Special Issue on Advances in Bio-Inspired Robots

Bio-inspiration is a good starting point of designing innovative mechanical systems, including robots. Additionally, it is a good way to solve engineering design and control problems. Recently, creative design has become very important in the robotics field, not just following previous design solutions but also suggesting novel system designs for various tasks. Bio-inspiration is becoming more and more popular in order to obtain innovative solutions inspired by animals and insects.

In this Special Issue, nine excellent papers are published on advances in bio-inspired robots. The papers are categorized into three groups as follows:

A.

Biomimetic robot design

B.

Mechanical system design from bio-inspiration

C.

Bio-inspired analysis on a mechanical system

The detail contents can be summarized as follows.

1. Biomimetic Robot Design

1.1. Soft Jumping Robot Using Soft Morphing and the Yield Point of Magnetic Force

Soft-morphing, deformation control by fabric structures and soft-jumping mechanisms using magnetic yield points are studied.
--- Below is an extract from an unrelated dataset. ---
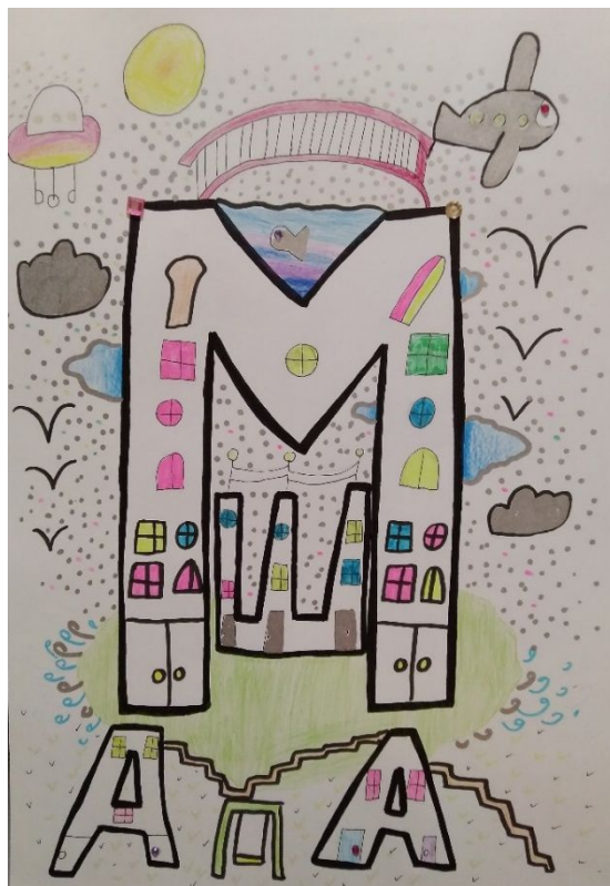
Рис.5 «Композиция из букв»

Один раз в неделю я посещаю факультативный курс «Пишу красиво» в МАОУ «Гимназия №6» г.Перми, где я получаю знания и навыки правильного письма (рис. 4).

The soft jumping mechanism can transfer energy more efficiently and stably using an energy storage and release mechanism and the rounded ankle structure designed using soft morphing [1].

1.2. Snake Robot with Driving Assistant Mechanism

A driving assistant mechanism is proposed for a snake robot, which assists locomotion without additional driving algorithms and sensors. The driving assistant mechanism can prevent roll down on a slope and can increase the locomotion speed [2].

1.3. A Miniature Flapping Mechanism Using an Origami-Based Spherical Six-Bar Pattern

A novel transmission is proposed for DC motor-based flapping-wing micro aerial vehicles. The proposed origami-based fabrication method reduces the number of relative moving components by replacing rigid links and pin joints with facets and folding joints, which shortens the assembly process and reduces friction between components [3].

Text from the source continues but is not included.